PROBLEM DETAILS: Every line of the material is to be returned verbatim. Pictures stay out.

GIVEN DATA:
____
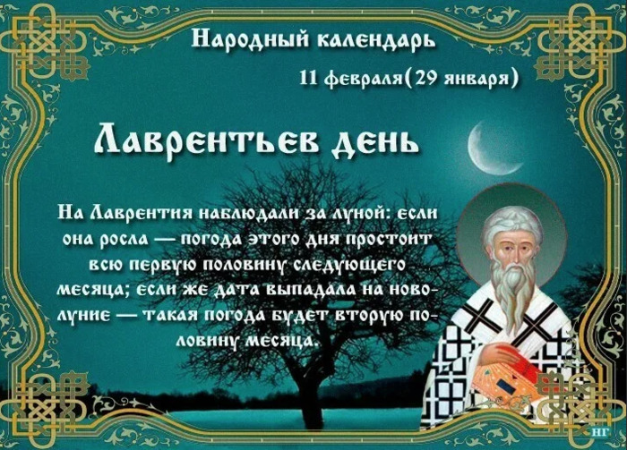 ТЕЛЕГРАММ замедляется.Вероятно скоро его заблокируют.Чтобы не потерять нас и получать оперативно информаци. подпишись на наши каналы в МАХ.Кто еще не подписался В полностью Российской сети МАХ на каналы ВОЕННЫЕ ПЕНСИОНЕРЫ ЗА РОССИЮ И ЕЕ ВООРУЖЕННЫЕ СИЛЫ: Канал для Военных пенсионерах без войны и политики, Военных пенсиях,пенсиях жен военных пенсионеров ,жизни военных пенсионеров и о способах прожить дольше : https://max.ru/voennyepen За Родину .Мы победим.: Оперативная информация О Спецоперации ,политике на канале: https://max.ru/join/aXh9SdoNhgk2rhy901ENolzCyoGLJhMgpon7E6np9n0 СРОЧНО ПОДПИСЫВАЙСЯ и ты будешь в курсе оперативных событий.НЕ пропусти!!! Дата в 2022 году: 11 февраля , пятница Другие названия: День Лаврентия; Лаврентий; морозобитная былинка; битье морозное Церковное название: Святителя Лаврентия, затворника Печерского Значение: Почтение памяти святого Лаврентия Традиции: Защита от ведьм Народный праздник Лаврентьев день отмечается 11 февраля 2022 года (по старому стилю – 29 января). В церковном календаре это дата почтения памяти святителя Лаврентия Печерского, епископа. История Лаврентий был сторонником одинокого созерцания и молитвы. Он хотел вести затворнический образ жизни, но Печерские отцы-настоятели не разрешили ему пребывать в уединении. Тогда Лаврентий покинул ставшую родной обитель и перебрался в Димитриевский монастырь. Он снискал народную славу благодаря своему дару целительства. После кончины святителя Кирилла Туровского Лаврентий стал его полноправным преемником. Традиции и обряды В народе данный праздник испокон веков считается днем ведьм. Согласно поверью, они выходят в этот день специально для того, чтобы испортить и сделать бесплодной землю на поле и огороде, заразить болезнями деревья и кусты, навести порчу на человека. Колдуньи делают специальные заломы сухой травы. Тот, кто по незнанию или неосторожности срежет такой залом, тяжело заболеет или умрет. Для того чтобы оградить свои земельные наделы и близких людей от происков злых колдуний, нужно по направлению четырех частей света воткнуть в землю чертополох. Нечистая сила очень не любит это растение в любых его видах и изо всех сил старается обойти его стороной. Если же все-таки ведьме удалось оставить неприятный «подарок», то убирать его нужно очень аккуратно и с особыми предосторожностями. Лучше всего с этим справляются народные знахари с большим опытом. Приметы Если дым из печной трубы валит столбом, то скоро потеплеет. Красная луна – к сильному ветру. Если молодая луна, то погода этого дня повторится в первой половине следующего месяца. | |
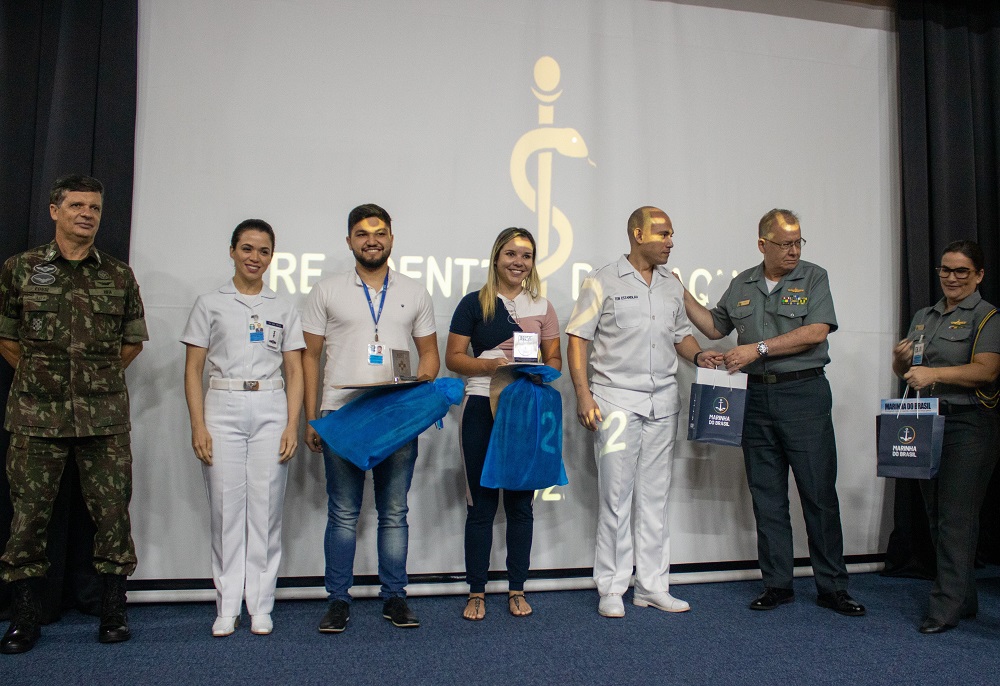 Os Doutores Pedro Guilherme Cabral e Taínne Gomes Lopes, 1º e 2º colocados, acompanhados de representantes dos supervisores de suas especializações médicas, receberam das mãos do General Fossi, do Contra Almirante Garcia e do Brigadeiro Braga as respectivas premiações e seus cumprimentos o que simboliza o empenho de toda a equipe de Residência Médica do HFA.
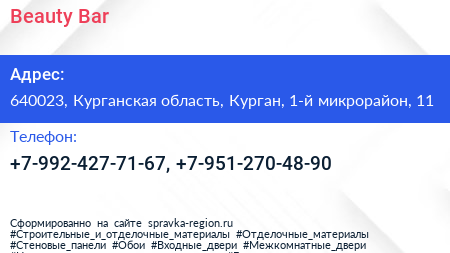 Beauty Bar по адресу 640023, Курганская область, Курган, 1-й микрорайон, 11 в дальнейшем Организация, размещена в следующих категориях:
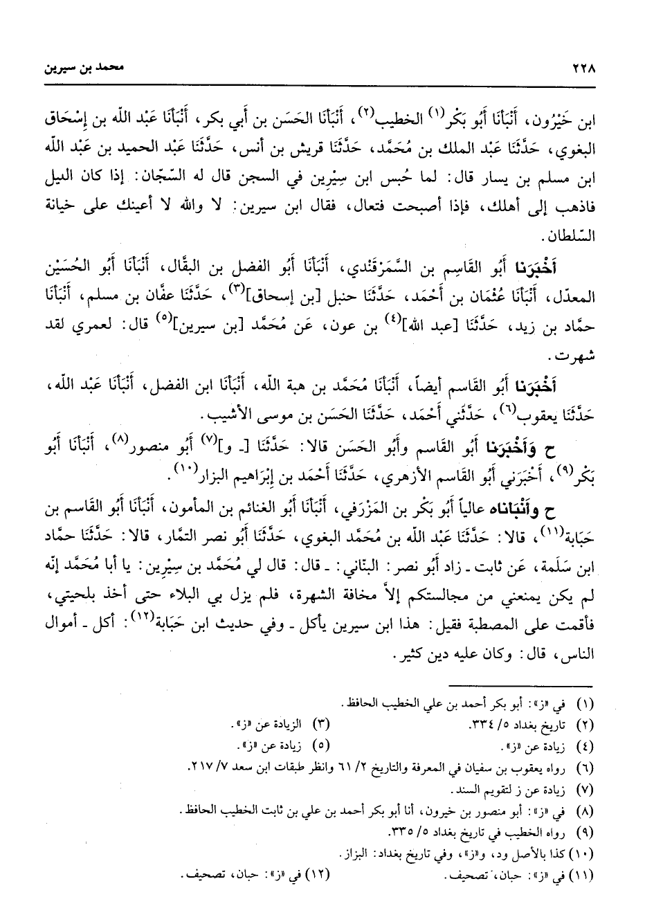 ابن خيرون أنبأنا أبو بكر (1) الخطيب (2) أنبأنا الحسن بن أبي بكر أنبأنا عبد الله بن إسحاق البغوي حدثنا عبد الملك بن محمد حدثنا قريش بن أنس حدثنا عبد الحميد بن عبد الله ابن مسلم بن يسار قال لما حبس ابن سيرين في السجن قال له السجان إذا كان الليل فاذهب إلى أهلك فإذا أصبحت فتعال فقال ابن سيرين لا والله لا أعينك على خيانة السلطان أخبرنا أبو القاسم بن السمرقندي أنبأنا أبو الفضل بن البقال أنبأنا أبو الحسين المعدل أنبأنا عثمان بن أحمد حدثنا حنبل بن إسحاق (3) حدثنا عفان بن مسلم أنبأنا حماد بن زيد حدثنا عبد الله (4) بن عون عن محمد بن سيرين (5) قال لعمري لقد شهرت أخبرنا أبو القاسم أيضا أنبأنا محمد بن هبة الله أنبأنا ابن الفضل أنبأنا عبد الله حدثنا يعقوب (6) حدثني أحمد حدثنا الحسن بن موسى الأشيب ح وأخبرنا أبو القاسم وأبو الحسن قالا حدثنا و (7) أبو منصور (8) أنبأنا أبو بكر (9) أخبرني أبو القاسم الأزهري حدثنا أحمد بن إبراهيم البزاز (10) ح وأنبأناه عاليا أبو بكر بن المزرفي أنبأنا أبو الغنائم بن المأمون أنبأنا أبو القاسم بن حبابة (11) قالا حدثنا عبد الله بن محمد البغوي حدثنا أبو نصر التمار قالا حدثنا حماد ابن سلمة عن ثابت زاد أبو نصر البناني قال قال لي محمد بن سيرين يا أبا محمد إنه لم يكن يمنعني من مجالستكم إلا مخافة الشهرة فلم يزل بي البلاء حتى أخذ بلحيتي فأقمت على المصطبة فقيل هذا ابن سيرين يأكل وفي حديث ابن حبابة (12) أكل أموال الناس قال وكان عليه دين كثير
____
ANSWER SECTION:
 ТЕЛЕГРАММ замедляется.Вероятно скоро его заблокируют.Чтобы не потерять нас и получать оперативно информаци. подпишись на наши каналы в МАХ.Кто еще не подписался В полностью Российской сети МАХ на каналы ВОЕННЫЕ ПЕНСИОНЕРЫ ЗА РОССИЮ И ЕЕ ВООРУЖЕННЫЕ СИЛЫ: Канал для Военных пенсионерах без войны и политики, Военных пенсиях,пенсиях жен военных пенсионеров ,жизни военных пенсионеров и о способах прожить дольше : https://max.ru/voennyepen За Родину .Мы победим.: Оперативная информация О Спецоперации ,политике на канале: https://max.ru/join/aXh9SdoNhgk2rhy901ENolzCyoGLJhMgpon7E6np9n0 СРОЧНО ПОДПИСЫВАЙСЯ и ты будешь в курсе оперативных событий.НЕ пропусти!!! Дата в 2022 году: 11 февраля , пятница Другие названия: День Лаврентия; Лаврентий; морозобитная былинка; битье морозное Церковное название: Святителя Лаврентия, затворника Печерского Значение: Почтение памяти святого Лаврентия Традиции: Защита от ведьм Народный праздник Лаврентьев день отмечается 11 февраля 2022 года (по старому стилю – 29 января). В церковном календаре это дата почтения памяти святителя Лаврентия Печерского, епископа. История Лаврентий был сторонником одинокого созерцания и молитвы. Он хотел вести затворнический образ жизни, но Печерские отцы-настоятели не разрешили ему пребывать в уединении. Тогда Лаврентий покинул ставшую родной обитель и перебрался в Димитриевский монастырь. Он снискал народную славу благодаря своему дару целительства. После кончины святителя Кирилла Туровского Лаврентий стал его полноправным преемником. Традиции и обряды В народе данный праздник испокон веков считается днем ведьм. Согласно поверью, они выходят в этот день специально для того, чтобы испортить и сделать бесплодной землю на поле и огороде, заразить болезнями деревья и кусты, навести порчу на человека. Колдуньи делают специальные заломы сухой травы. Тот, кто по незнанию или неосторожности срежет такой залом, тяжело заболеет или умрет. Для того чтобы оградить свои земельные наделы и близких людей от происков злых колдуний, нужно по направлению четырех частей света воткнуть в землю чертополох. Нечистая сила очень не любит это растение в любых его видах и изо всех сил старается обойти его стороной. Если же все-таки ведьме удалось оставить неприятный «подарок», то убирать его нужно очень аккуратно и с особыми предосторожностями. Лучше всего с этим справляются народные знахари с большим опытом. Приметы Если дым из печной трубы валит столбом, то скоро потеплеет. Красная луна – к сильному ветру. Если молодая луна, то погода этого дня повторится в первой половине следующего месяца. | |
 Os Doutores Pedro Guilherme Cabral e Taínne Gomes Lopes, 1º e 2º colocados, acompanhados de representantes dos supervisores de suas especializações médicas, receberam das mãos do General Fossi, do Contra Almirante Garcia e do Brigadeiro Braga as respectivas premiações e seus cumprimentos o que simboliza o empenho de toda a equipe de Residência Médica do HFA.
 Beauty Bar по адресу 640023, Курганская область, Курган, 1-й микрорайон, 11 в дальнейшем Организация, размещена в следующих категориях:
 ابن خيرون أنبأنا أبو بكر (1) الخطيب (2) أنبأنا الحسن بن أبي بكر أنبأنا عبد الله بن إسحاق البغوي حدثنا عبد الملك بن محمد حدثنا قريش بن أنس حدثنا عبد الحميد بن عبد الله ابن مسلم بن يسار قال لما حبس ابن سيرين في السجن قال له السجان إذا كان الليل فاذهب إلى أهلك فإذا أصبحت فتعال فقال ابن سيرين لا والله لا أعينك على خيانة السلطان أخبرنا أبو القاسم بن السمرقندي أنبأنا أبو الفضل بن البقال أنبأنا أبو الحسين المعدل أنبأنا عثمان بن أحمد حدثنا حنبل بن إسحاق (3) حدثنا عفان بن مسلم أنبأنا حماد بن زيد حدثنا عبد الله (4) بن عون عن محمد بن سيرين (5) قال لعمري لقد شهرت أخبرنا أبو القاسم أيضا أنبأنا محمد بن هبة الله أنبأنا ابن الفضل أنبأنا عبد الله حدثنا يعقوب (6) حدثني أحمد حدثنا الحسن بن موسى الأشيب ح وأخبرنا أبو القاسم وأبو الحسن قالا حدثنا و (7) أبو منصور (8) أنبأنا أبو بكر (9) أخبرني أبو القاسم الأزهري حدثنا أحمد بن إبراهيم البزاز (10) ح وأنبأناه عاليا أبو بكر بن المزرفي أنبأنا أبو الغنائم بن المأمون أنبأنا أبو القاسم بن حبابة (11) قالا حدثنا عبد الله بن محمد البغوي حدثنا أبو نصر التمار قالا حدثنا حماد ابن سلمة عن ثابت زاد أبو نصر البناني قال قال لي محمد بن سيرين يا أبا محمد إنه لم يكن يمنعني من مجالستكم إلا مخافة الشهرة فلم يزل بي البلاء حتى أخذ بلحيتي فأقمت على المصطبة فقيل هذا ابن سيرين يأكل وفي حديث ابن حبابة (12) أكل أموال الناس قال وكان عليه دين كثير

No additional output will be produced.